The social media world was taken by storm as Scorsese, Coppola, and Schrader gained viral attention.

When the moment arrives to honor him, Martin Scorsese will be recognized as a trailblazer. Through his lifetime, Scorsese successfully tapped into the potential of a once stagnant art form. With determination and innovation, he rose to fame by reviving and reinvigorating it.

The popular medium in question is TikTok.

Perhaps it is due to his age of 80, but Martin Scorsese continues to possess an endless fascination with the impact of storytelling, much like he did in his younger years. Possibly, the responsibility of promoting Killers of the Flower Moon has solely fallen on his shoulders due to the ongoing actors’ strike. Alternatively, it could simply be because his daughter is eager for attention. Regardless, it is undeniable that Martin Scorsese is currently dominating TikTok.

Together with his daughter Francesca, Scorsese appears to have been very active online in recent weeks. He has shared a video of himself auditioning a dog, another video of him trying to guess slang used by generation Z, and even a video of him dressed as a tortoise while dancing to Candy by Robbie Williams in his living room. Clearly, it’s all incredibly delightful.

Francesca’s videos on TikTok are highly effective. Scorsese, a rebel who has become a legend, utilizes the platform to challenge the occasionally pretentious narrative that surrounds him. His videos offer a more relatable portrayal than any written profiles ever could.

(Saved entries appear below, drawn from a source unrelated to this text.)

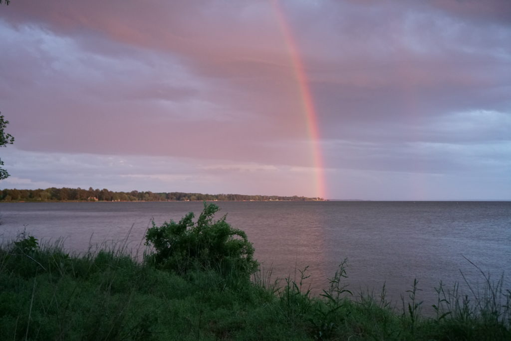 After packing up my kayak, I started to drive towards the exit when I had a change of heart and decided to turn around just in case nature had a surprise in store. I could not have been more elated when a huge double rainbow streaked across the sky and seemed to cut right into the river. A perfect end to a glorious day.
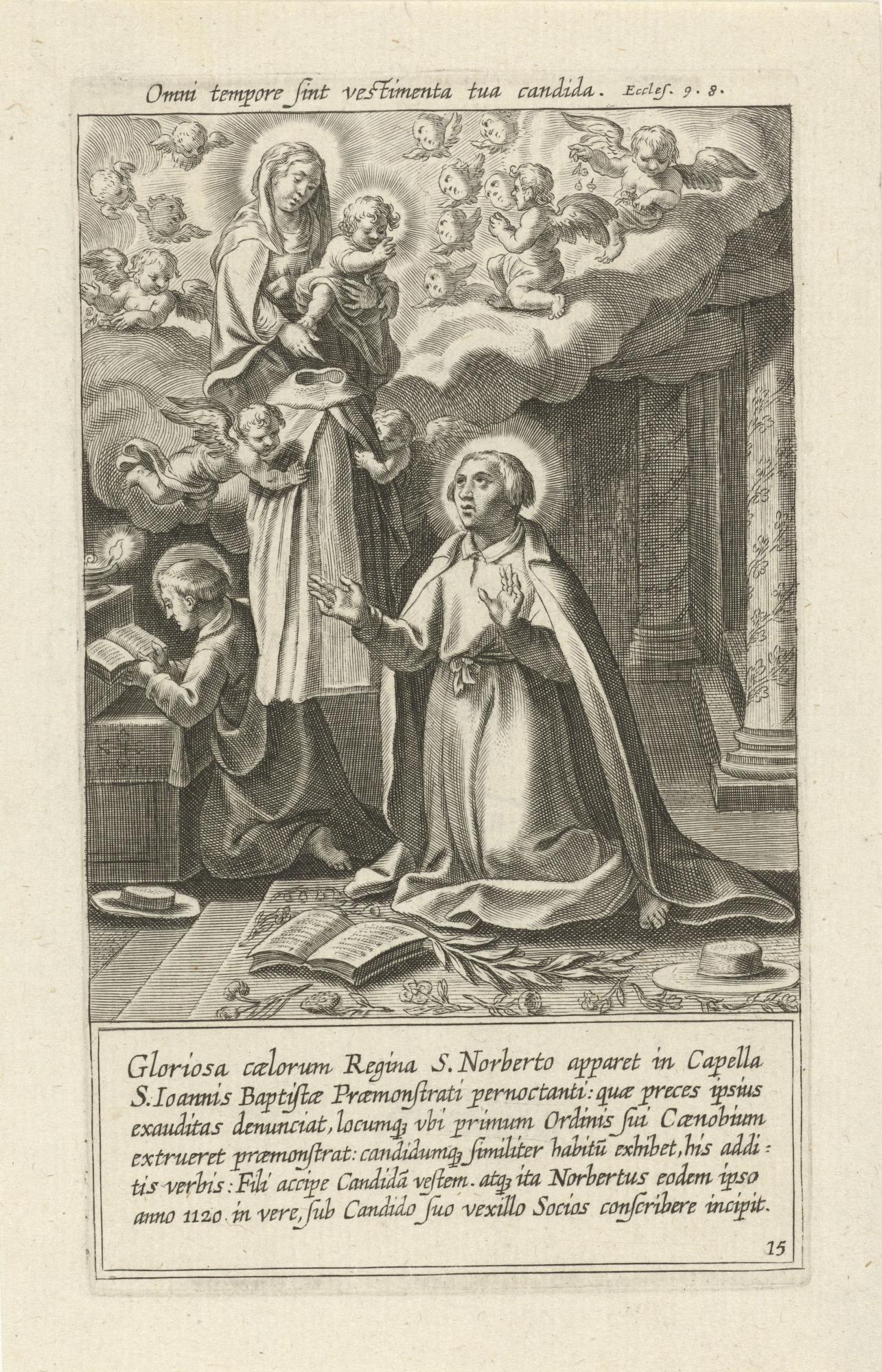1. kép: Szűz Mária átnyújtja Szent Norbertnek a fehér szerzetesi habitust. Cornelis Galle metszete Joannes Chrysostomus van der Sterre Vita S. Norberti című kötetében (Antwerpen, 1622). Fotó: Rijksmuseum
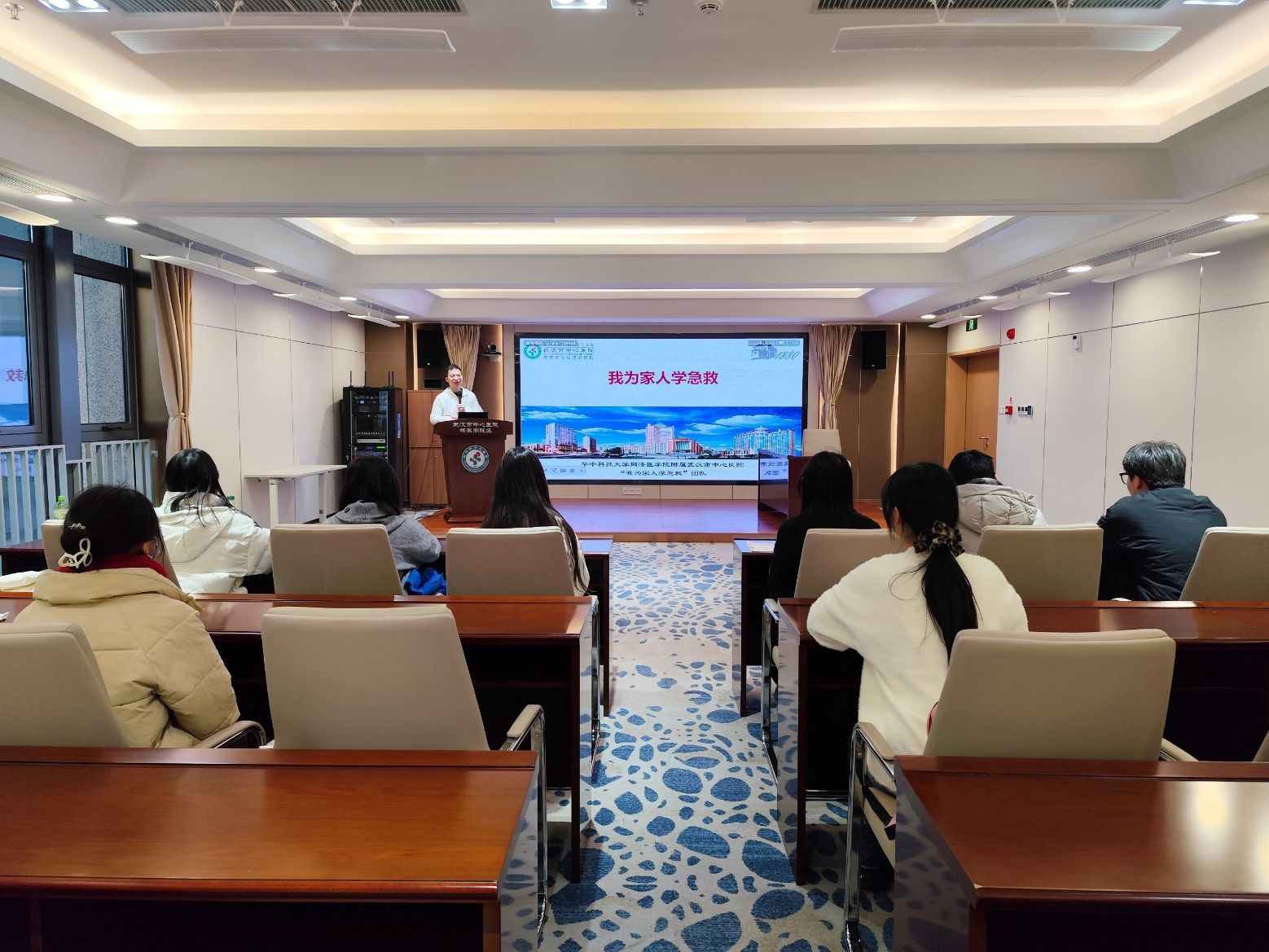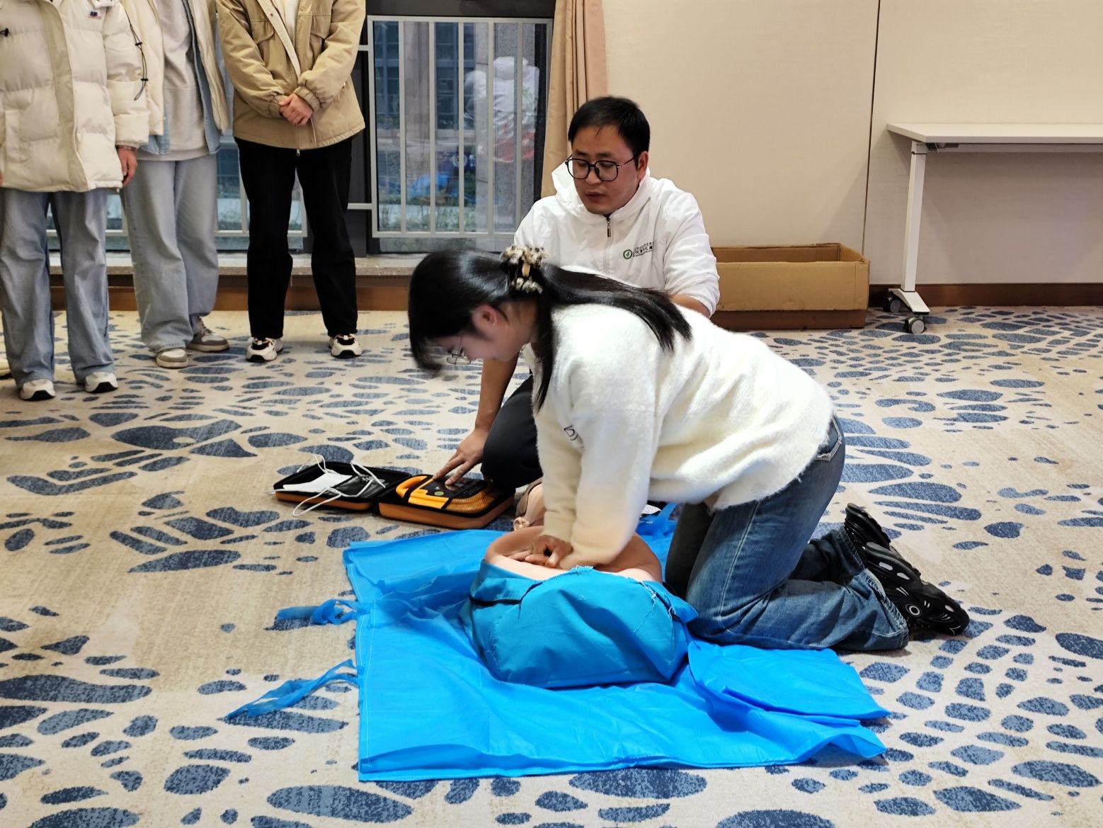 随后的急救知识培训环节同样精彩。以“我为家人学急救”为主题,培训旨在提升师生应急救援能力。培训老师通过鲜活案例、直观图片和详细讲解,深入剖析心肺复苏(CPR)及自动体外除颤器(AED)操作要点。现场演示环节,从判断患者意识到规范实施急救步骤,再到正确使用 AED,一气呵成,为师生呈现标准急救流程。同学们热情高涨,积极参与实操,在老师指导下认真练习,精准把握力度节奏,切实将理论转化为技能,为守护生命增添保障。
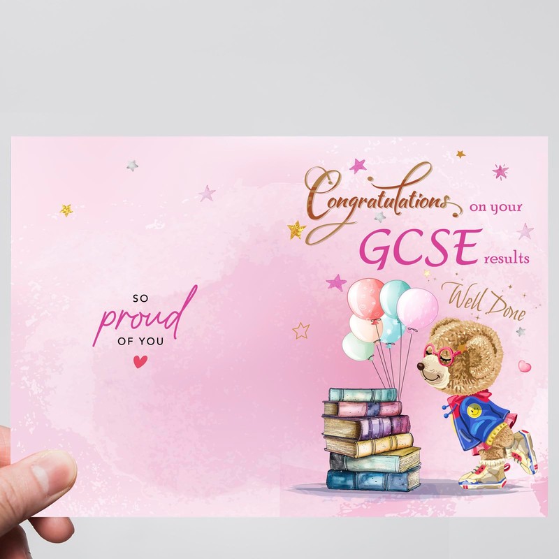 - Congratulations GCSE Exam Card: PopManko GCSE results card is made of 350GSM of high-quality coated paper, printed with various patterns, exquisite and durable. PopManko passing GCSE card have an unfolded size of 17 x 24cm (folded size of 17 x 12cm), perfect as passing GCSE exam gifts. The inside page of the greeting card is blank. You can write your blessings to students.
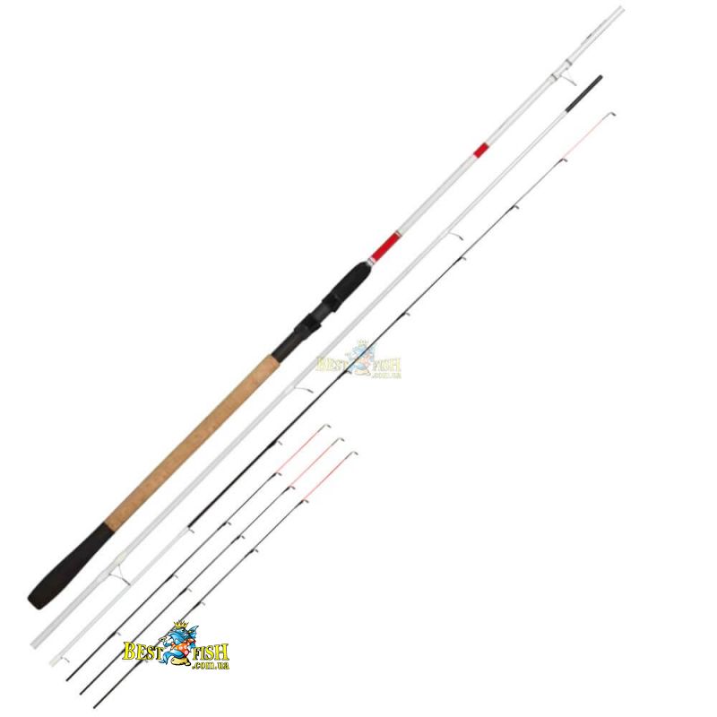 Справжня знахідка для гурманів фідера! Витончене і посилістое вудилище чудового повільного ладу не тільки забезпечить дальній кидок, але і дозволить повністю насолодитися процесом виведення, викликаючи вибух адреналіну при кожному ривку попалася на гачок риби. Вудилища виготовлені з високомодульного графіту 36T японського виробництва, що дозволив досягти максимального компромісу між вагою і ладом. На бланках встановлені високоякісні полегшені кільця Sea Guide зі вставками LTS (Light Weight SIC), що не перевантажують вудилище з одного боку, а з іншого дозволяють закидати оснастку на максимальну дистанцію. Ергономічна комбінована рукоятка з матеріалу EVA (в нижній частині) і високоякісної португальської пробки класу ААА з катушкотримачем Fuji DPS забезпечує міцний хват і робить роботу з вудилищем неймовірно комфортною.
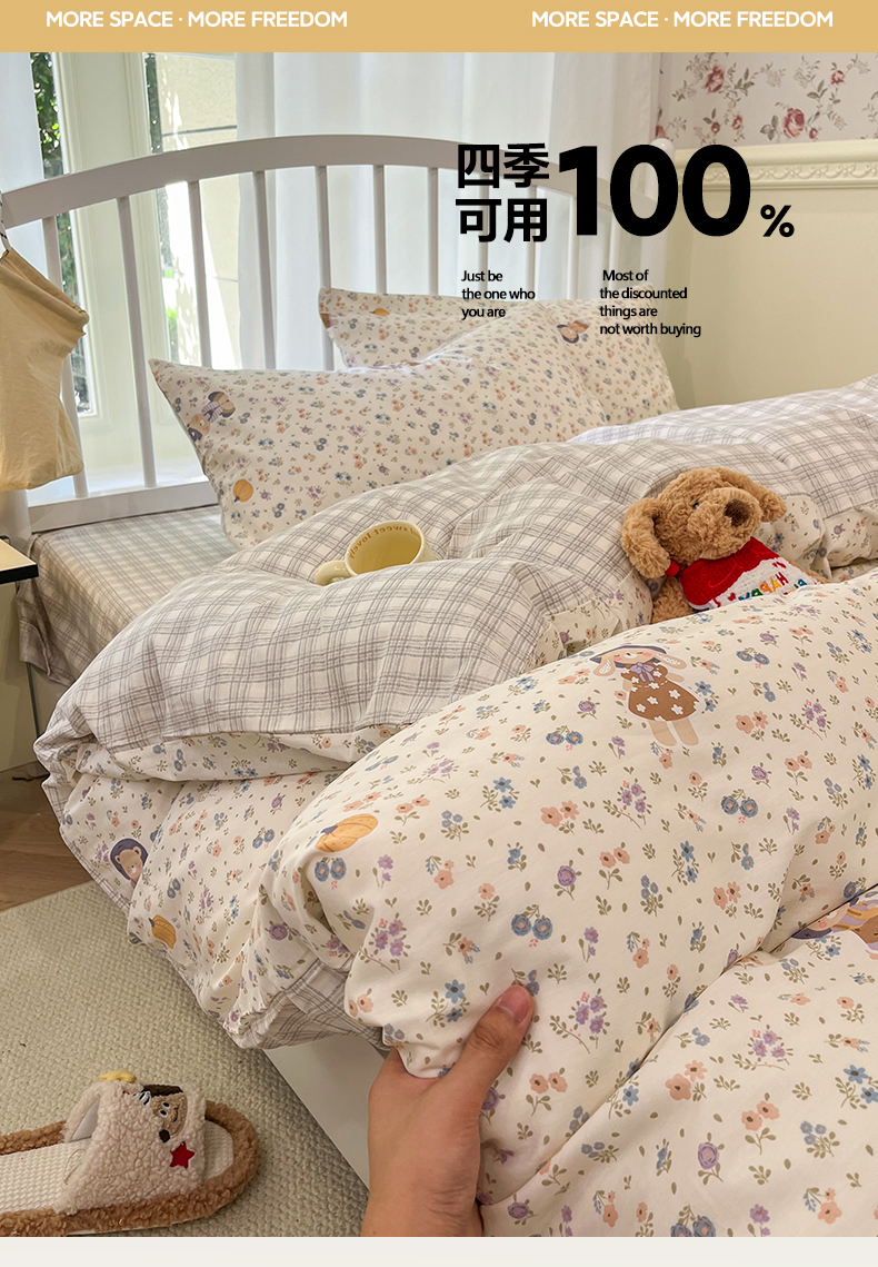 总盛馨家纺 2023新款ins北欧风高支高密全棉喷气小清新纯棉四件套,花丛兔,锦鲤,快乐小狗,梦幻,梦境小兔,入夏,若微,溪沐,叶墨新晨,樱桃兔,星球家园,草莓兔,花粉兔,花花小熊,花开富贵,花蓝兔,花胥梦粉,花韵,狂想曲蓝,萌宠乐园,蜜桃公主,莫奈花园蓝,奇妙幻想蓝,曲奇小熊,圣歌娜,诗情画意,桃桃兔,甜蜜小花,文特森 咖,小黄鸭,叶叶小花,油画草莓,丛林家园,粉色花海,可可大草莓,浪漫花朵,满庭花开,漫时光,暖阳紫,郁金香小兔
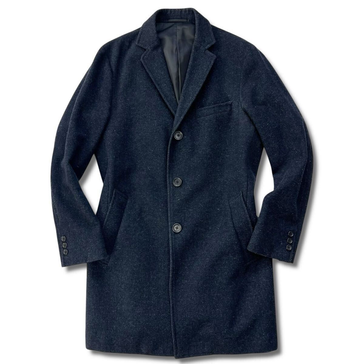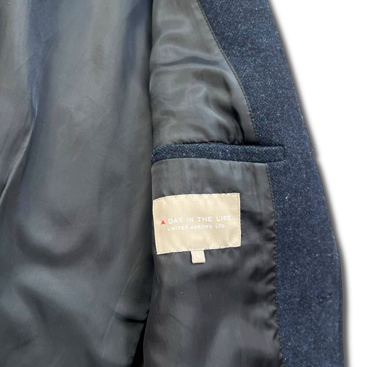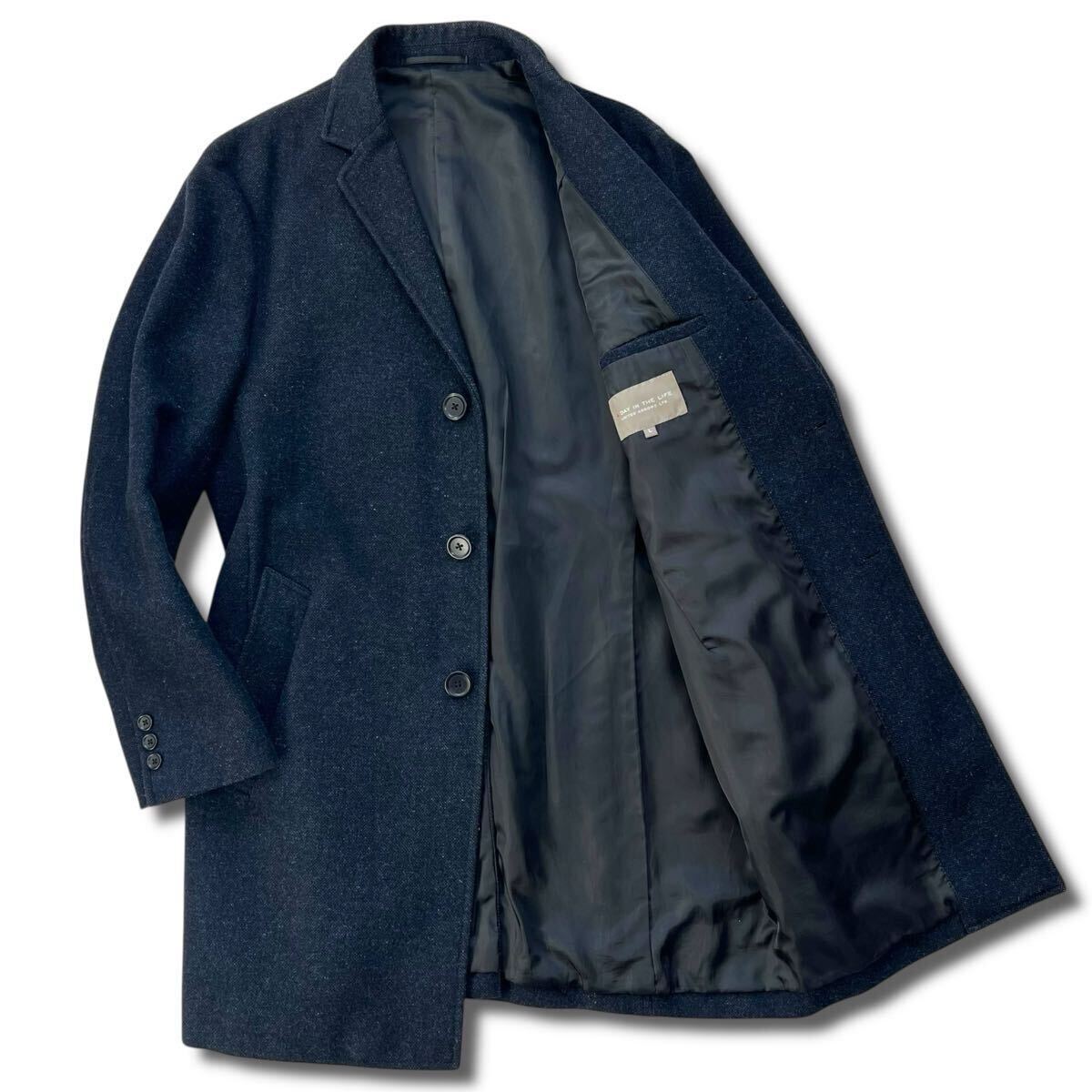 良品 UNITED ARROWS ツイード ウール チェスター コート L ネイビー ユナイテッド アローズ
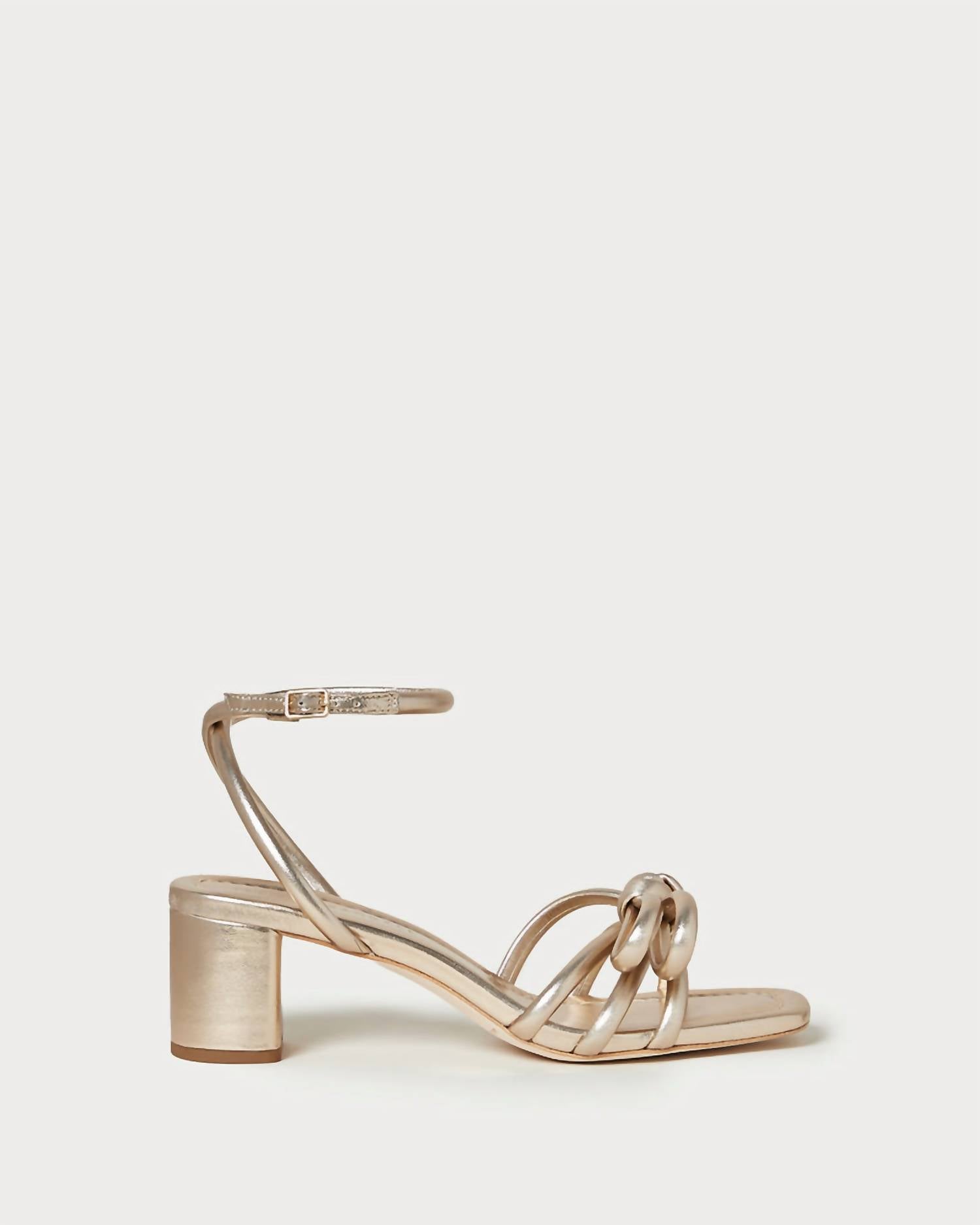 Classicly cute and all-day-wearable. We love this sandal. Step into understated elegance with the Women's Mikel Leather Bow Sandal by Loeffler Randall, crafted in luxurious metallic champagne Italian nappa leather. This sandal features a sophisticated knotted bow detail and a comfortable padded footbed stamped with a gold logo. With an open squared toe and a chic 2-inch block heel, it's perfect for summer dinner parties. Embrace the quiet luxury trend with these versatile mid-heel sandals.

In order to please the film industry, Scorsese has recently created an account on Letterboxd. Although he has not written any reviews, he is keeping track of all the movies he has watched and liked. These include The Lady of the Dugout from 1918, Rififi by Jules Dassin, and The Day of the Jackal by Zinnemann. However, he has not watched any Marvel Cinematic Universe films yet, but there is still hope.

Surprisingly, Scorsese is not the only veteran of Hollywood to recently join social media. In May, Francis Ford Coppola also joined Instagram and has shown a great interest in using Stories, even more so than his passion for creating movies and wine. In June, he participated in an Ask Me Anything session where he shared new and interesting facts about himself. For example, he revealed that his favorite film is Rumblefish, he has never played a Nintendo game, he often thinks about the Roman Empire, and his breakfast consists of half a cup of low-fat yogurt and three-quarters of a banana. Currently, he is using Instagram Stories to ask his followers thought-provoking questions, such as whether they agree with Italian philosopher Giovanni Pico della Mirandola’s belief that humans are geniuses and a “miracle for all to admire” (with 60% of his followers agreeing).

Paul Schrader is a major contributor to the success of Facebook, as he is an avid user and frequent poster. He often shares his thoughts on various topics, such as his recent positive opinion of Priscilla and disappointment with Nashville. He also enjoys sharing memes that appeal to an older audience, similar to those liked by parents. His posts reflect his wisdom, crankiness, and nostalgia, and are a true representation of his personality, much like how Coppola and Scorsese use social media.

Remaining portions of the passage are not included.